Gülümseyip kendi odama doğru ilerledim, ona giyebileceği düzgün bir şeyler bulup misafir odasına döndüğümde Chaeyoung ebeveyn banyosunun lavabosunda yüzünü yıkıyordu.

Geldiğimi fark edince aynadaki yansımama bakarak konuştu.

"Ben çok sarhoşum."

Gülümsemem yavaş yavaş büyürken elimdekileri yatağın üstüne koyup banyoya ilerdim, kenardaki asılı olan havlulardan birini ona uzattım.

Bu kadın daha bir saat bile geçmeden önce beni düşmanını siker gibi sikmişti, bu kadar çocuksu ve saf olmamalıydı.

"Yüzünü kurulayıp üstünü değişebilirsin."

Arkamı dönmüş kapıya doğru ilerlerken Chaeyoung kolumu yakaladı.

"Teşekkür ederim."

"Rica ederim, seni dışarıda bekleyeceğim tamam mı?"

Yine arkamı dönmüş kapıya ilerlerken bu sefer beni durduran seslenmesi oldu.

"Lisa."

"Efendim." Bana sırtını dönüp saçlarını tek tarafına topladı.

"Elbisemin fermuarını açar mısın?"

Sadece sessizce kafamla onayladım. Tek elimle fermuarı yavaşça indirirken sordum.

"Bayan Park, sorun ne?"  Bu anları başka bir zaman yaşıyor olsam kalbim heyecandan durabilirdi ama şu an hiç bir anlam yükleyemiyordum olanlara.

Hala saçını tutarken bana doğru döndü.

"Bilmiyorum, sadece burada seninle kalmak istiyorum."

Kafasını hafifçe sağa eğip konuştu:

"Lisa bugünlük beni idare etsen, bir daha asla sana sorun çıkartmayacağım. Ve evinde sarhoş bir biçimdeyken bana Bayan Park diye seslenmesen?"

"Peki ben seni rahat bırakayım."

Odadan çıktım ve arkamdan kapıyı çektim. Kapının önünde şaşkın şaşkın oturan kedilerime baktım.

"İnanın bende sizin kadar şaşkınım." 

Chaeyoung bu gece beni çok sağlam yormuş sonrasında soktuğu şokla tüm yorgunluğumu bana unutturmuştu.

Ne düşüneceğimi ne hissedeceğimi bilemez bir hale getirmişti beni, her şeyin bu kadar karışık olmasını istememiştim.

Chaeyoung'ın bir gün beni gelip öpeceğini bilseydim asla Pranpriya'yı onun hayatına sokmazdım, bu saatten sonra da sokmayacaktım. Bu halde olmasının sebebi Pranpriya olmalıydı.

Ama Park Chaeyoung beni öpmüştü, Pranpriya'yla beraber olup beni öpmüştü.

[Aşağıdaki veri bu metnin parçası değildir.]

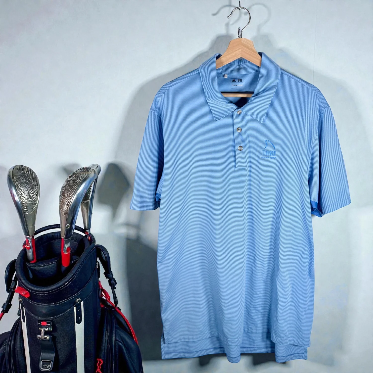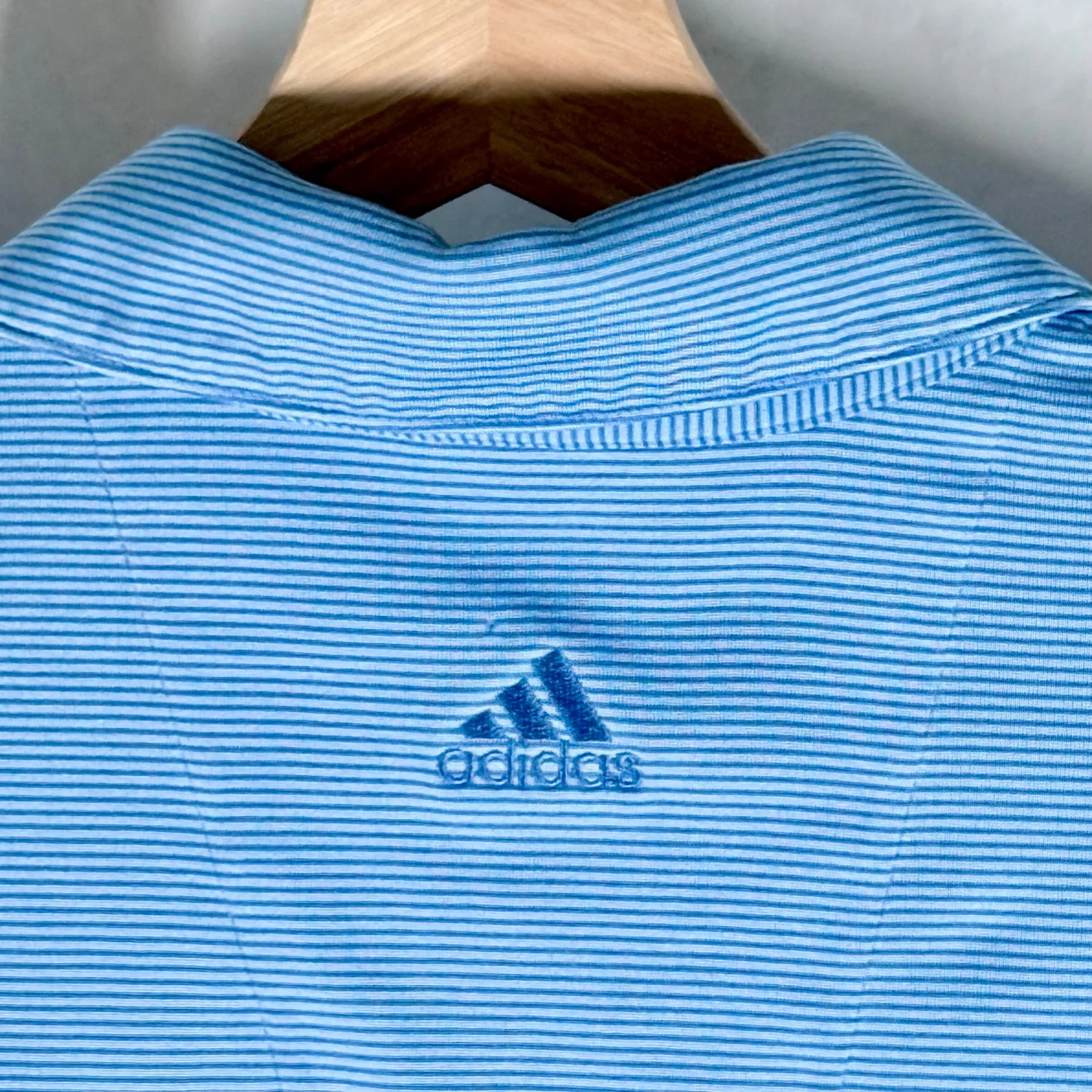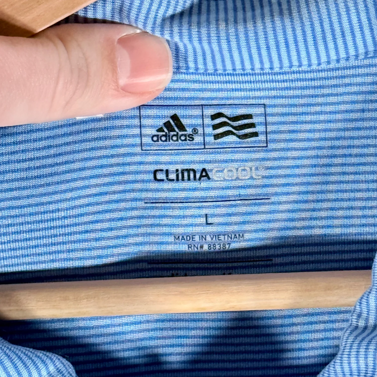 Adidas Climacool Men's Large Blue Striped Tiburon Golf Club Naples S/S Polo

Ne zaman geldiğimi anlayamadığım koltukta ayaklarımı kendime çekip en az beş kere izlediğim ve sırf televizyon dolu gözüksün diye açtığım karlar ülkesi filmine baktım.

Tekrar izleyebilirdim, içimdekileri ve içerdekileri çözebilseydim.

Chaeyoung sessizce ama ayaklarını sürterek geldi, ona verdiğim şeyleri giymiş ve üstüne nerdeyse tam olmuştu. Önce yanımdaki boşluğa uzanıp sonrasında kafasını yukarı çektiğim bacaklarıma koydu.

"Lisa."

"Chaeyoung." Ellerimi o rahat etsin diye çekmiş koyacak bir yer bulamamış bir şekilde havada tutuyordum.

"Rahat ol, şu an patronun değilim."

Ellerimi yavaşça saçına indirdim, yumuşak saç telleri parmaklarım arasında süzülürken Chaeyoung tekrar konuştu.

"Sana karşı sadece patronun olamayacak hisler besliyorum, seninde öyle olduğunu biliyorum."

Ellerim oldukları yerde durdu, nefes alış verişlerimde.

"Jennie bana söyledi."

"Neyi söyledi?" Kekelememek için kendimi o kadar çok kasmıştım ki kalın çıkan ses tonum onu ürkütmüştü.

"Benden hoşlandığını biliyorum Lalisa, bende senden hoşlanıyorum."